Library Guides: Data management and sharing plan guide: 2. Document

Document

In this section you will include details about how your data is documented with a special concentration on which standards your data will utilize. Standards are established methods or systems for accomplishing the same task. For example, light bulbs and light socket shapes and sizes are standardized so they’re compatible with each other.

File format standards affect which programs can read and use data and metadata standards provide a uniform way of classifying and structuring data making it easier to remix and reuse. Lastly you also need to address how the whole data set will be documented as metadata alone is typically not enough to facilitate reuse.

File formats

File formats are a standardized way of formatting digital data so it can be read and used by computers consistently. Whenever possible you should use open, non-proprietary file formats. This means using CSV (.csv) over Excel (.xlsx) and plain text (.txt) over Word (.docx) when possible. There are two reasons to do so:

Proprietary formats typically require proprietary software which costs money and limits who can open and reuse the data.
As proprietary software is updated over time old files may no longer be supported by newer software limiting access to the data.

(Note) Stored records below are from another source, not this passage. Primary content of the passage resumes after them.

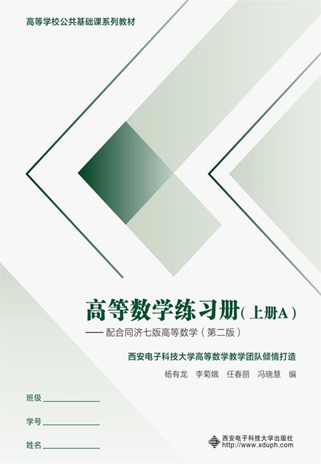 本练习册包括两部分内容: 练习题和参考答案。 按时完成练习作业是理工科大学生巩固高等数学课堂学习效果的基本要求, 所附 参考答案可方便学生完成作业后及时检查。 为了方便教师和学生收交作业, 本练习册分为A、 B两册, 即奇数周作业 为A册, 偶数周作业为B册。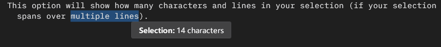 - 「选择信息」:勾选后显示所选区域的字符数和行数(如果跨行)。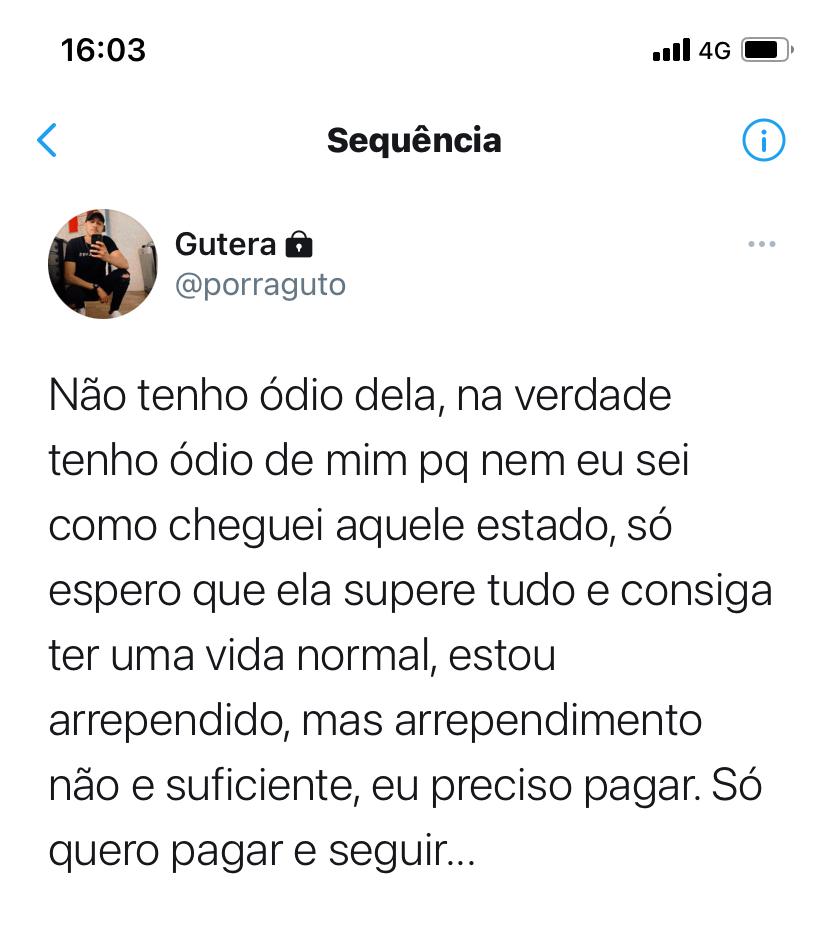Por fim, o goiano afirma que não sente ódio da vítima. “Na verdade, tenho ódio de mim porque nem eu sei como cheguei àquele estado. Só espero que ela supere tudo e consiga ter uma vida normal. Estou arrependido, mas arrependimento não é suficiente, eu preciso pagar. Só quero pagar e seguir…”, disse em publicação.
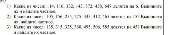 1)114 132 372 438 Частное:19 22 62 73 2) 255 345 465 Частное: 15 23 31 3)135 315 360 495 585 Частное:3 7 8 11 13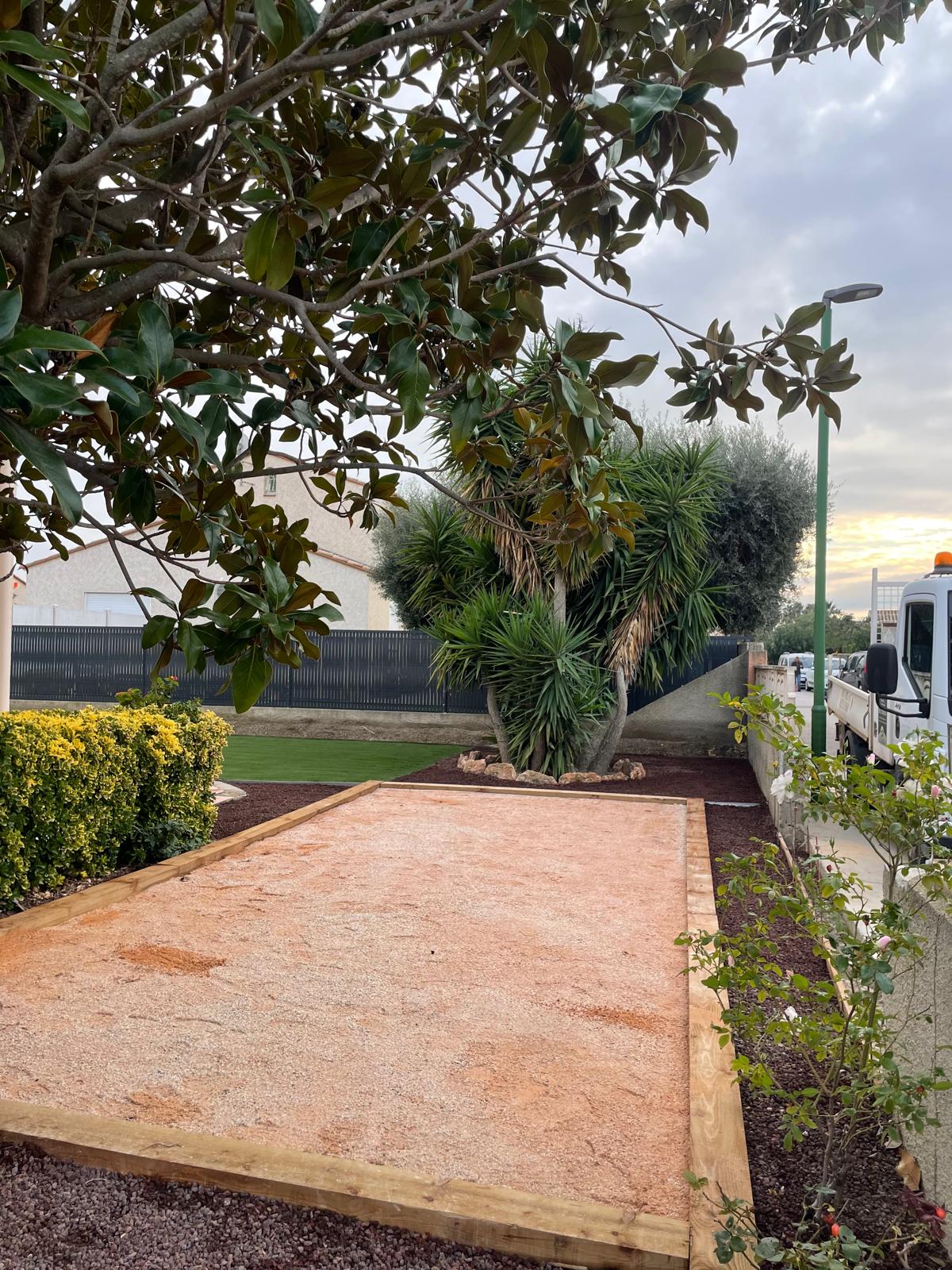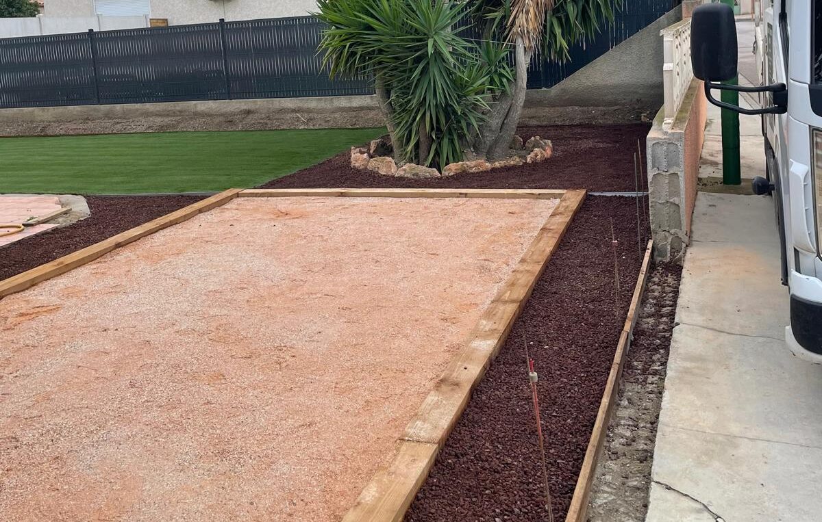 Apportez convivialité et plaisir à votre extérieur : nous réalisons des terrains de pétanque personnalisés, stables et esthétiques, parfaits pour les moments de détente entre amis ou en famille.

If you cannot save your data in an open, non-proprietary format then you will need to document the software, tools, and/or code needed to access the data and explain why you’ve chosen this format in your plan.

Resources

Metadata

A simple definition of metadata is that it is "data about data" (how meta!). A better definition is that metadata is descriptive and structured information describing a thing. A simple example of metadata is to think of how you would describe a book: title, subject matter, length, author, date of publication, etc., all these are metadata that describe the book. In other words, metadata are details that surround data.

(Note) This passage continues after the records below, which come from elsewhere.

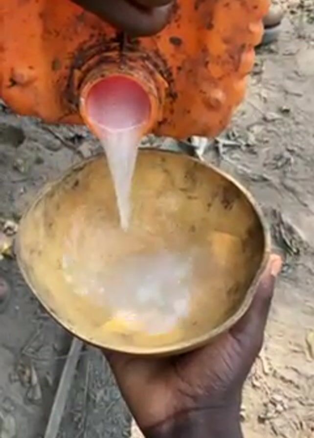 A close-up shot shows a pair of dark-skinned hands holding a gourd. A white, opaque liquid is being poured from an orange jerrycan into the gourd. The jerrycan is dirty and shows signs of wear. The gourd is yellow-brown in color and has a rough texture. The ground underneath is a mixture of dirt and sand with some small pieces of wood visible. A person wearing brown shoes is partially visible in the background.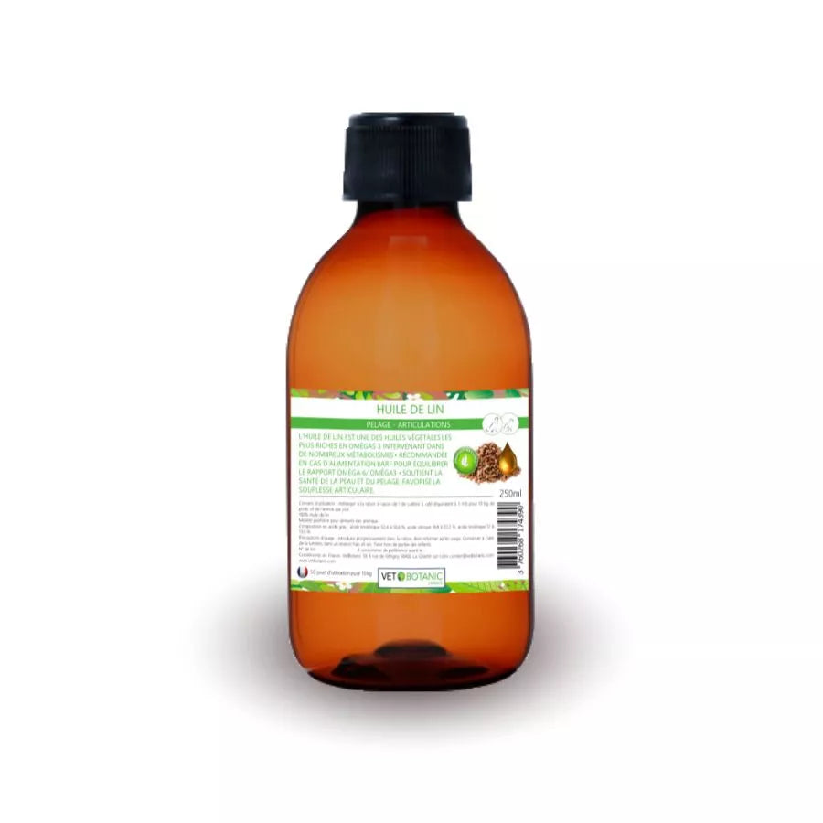 L’huile de lin est reconnue pour ses qualités nutritives. Elle est particulièrement riche en omega-3 dont l’acide alpha linolénique, un acide gras essentiel de la famille des omega-3. Cet acide gras est essentiel car les chiens et les chats ne sont pas capables de les produire naturellement ou du moins pas en quantité suffisante. On se doit donc de l’apporter via l’alimentation. Or la plupart des nourritures industrielles ne contiennent pas un niveau adapté d’acides gras essentiels : l’huile de lin ajoutée à l’alimentation quotidienne de votre animal favorisera alors sa bonne santé. Nous vous conseillons donc l’huile de lin afin de faire reprendre de l’état à votre animal convalescent âgé ou anémié et ainsi favoriser sa mobilité.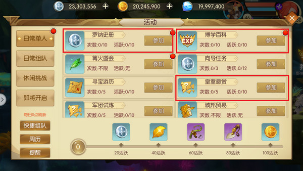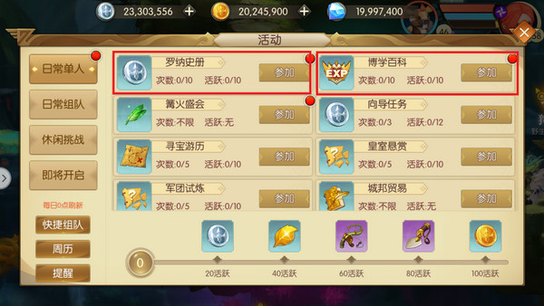 4、在18-30级时日常单人活动中主要增加经验的活动有:罗纳史册、城邦任务、皇室悬赏和博学百科。如果需要快速提升等级,每日完成活动必不可少,需要注意的是有些活动是限定时间的,例如博学百科,玩家们需要在特定时间段参加活动。另外其他的活动也是可以拿到少量经验和其他的活动道具。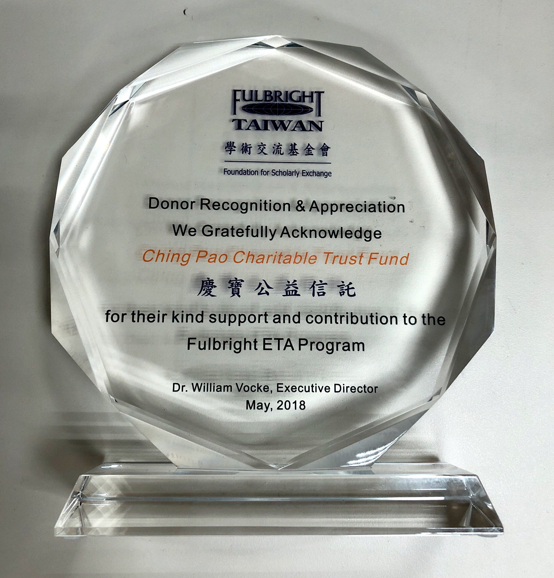 慶寶公益信託推動花蓮縣英語協同計畫,獲學術交流基金會致贈感謝獎座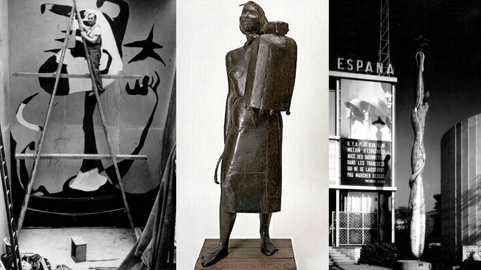 El estadounidense Alexander Calder fue el único artista no español con obra en el pabellón. Su Fuente de mercurio, una escultura móvil que incluye el texto “Almadén” escrito en alambre, subrayaba la dimensión económica de la Guerra Civil.La premura de tiempo llevó a Lacasa, más afín al llamado regionalismo castellano que al “simplismo de Le Corbusier”, a desechar su primera idea: construir “a la española”, es decir, con piedra y ladrillo. La experiencia de Sert con estructuras vistas y módulos prefabricados fue decisiva para levantar, “en seco” y a toda velocidad, un edificio de planta libre cuya primera piedra se colocó el 27 de febrero.El arquitecto y diseñador Josep Torres Clavé creó para el pabellón una butaca de madera con respaldo de cuerda inspirada en la sillería ibicenca. La empresa Mobles 114 la sigue produciendo.La obra de Sert y Lacasa se convirtió ella misma en pieza destacada de aquella antología de la arquitectura, el diseño y las artes plásticas marcada por el Guernica, pero engrosada también por obras hoy clásicas: un mural pintado in situ por Joan Miró en el rellano de la escalera ( El segador), una butaca diseñada por Josep Torres Clavé y esculturas tan icónicas como El pueblo español tiene un camino que conduce a una estrella, de Alberto Sánchez; La Montserrat, de Julio González (Gaos la prefirió a la abstracta Mujer ante el espejo , otro icono), o la fuente de mercurio de Almadén de Alexander Calder, el único artista no español de la muestra. Y envolviéndolo todo, los fotomurales del cartelista Josep Renau, que durante la guerra ejerció como director de Bellas Artes.A la espalda del ‘Guernica’, fuera del pabellón, Picasso expuso una copia en cemento de la escultura ‘Dama oferente’ de 1933 (en la imagen, a la izquierda). Picasso cedió además varios grabados y esculturas, como la cabeza de mujer, a la derecha, que se colocó a la entrada del pabellón.El 25 de noviembre, la Exposición de París cerró sus puertas y comenzó el precipitado desmontaje de la sede española. El Guernica inició un viaje que no le traería a España hasta 1981 y el mural de Miró se perdió para siempre. En 1992 una versión del pabellón se levantó en La Vall d’Hebron (Barcelona) y desde 2001 una copia de la escultura de Alberto Sánchez ocupa la plaza del Reina Sofía. Muchos de los protagonistas de aquellos meses de 1937 murieron en el exilio.A la izquierda, Joan Miró pintando in situ su ‘Pagès catalá en rebel·lió’, un mural de 5 metros conocido también como ‘El segador’. Desmontado el pabellón en noviembre de 1937, la obra terminó perdiéndose para siempre. En el centor, ‘La Montserrat’, del barcelonés Julio González, que utilizó un lenguaje más realista en esta escultura de una campesina catalana con un niño en brazos y una hoz en la mano (actualmente, en la colección del Museo Stedelijk, de Ámsterdam). A la derecha, ‘El pueblo español tiene un camino que conduce a una estrella’, de Alberto Sánchez. La escultura —de 12,5 metros— , es una proclama vanguardista frente al compromiso político ligado al realismo. Hoy se encuentra en la plaza del Museo Reina Sofía.Taller Sert. En 1957 Sert concibe un taller en Mallorca para su gran amigo Miró, donde la obra arquitectónica busca ante todo responder a las necesidades del artista que regresa a sus raíces en la isla, tanto su madre como su esposa tienen sus orígenes en Mallorca.En el interior del Taller Sert parece como si el tiempo se hubiera detenido. Junto a los pinceles, lápices o paletas del artista, aparecen elementos de su universo personal y creativo: piedras, recortes o siruells mallorquines que acompañaban e inspiraban a Miró en el día a día.

Metadata is often formatted as data and may be in the same file or in a supplemental file. Importantly, metadata often follows standards. A good example is Ecological Metadata Language (EML), which is a vocabulary used to describe ecological data, or ISO 8601 which is an international standard for dates and time, or the MRLC Land Cover Classifications which is a standard vocabulary for land usage for the United States. Using metadata standards such as these ensures data can be easily mixed and reused with similar data will minimal information loss.

Resources

↑ return to top

Documentation

Documentation backs up and supports metadata by providing context. Documentation tells us the details of how the data was made and how different files relate. It provides details that might not be captured in the data and metadata alone. The most common kind of documentation is a readme – a simple text file with information to read first before using a data set.

Data dictionaries and codebooks are more focused kind of documentation that define variables, units, data types and more and often accompany spreadsheets. In other words, they define your data by providing metadata.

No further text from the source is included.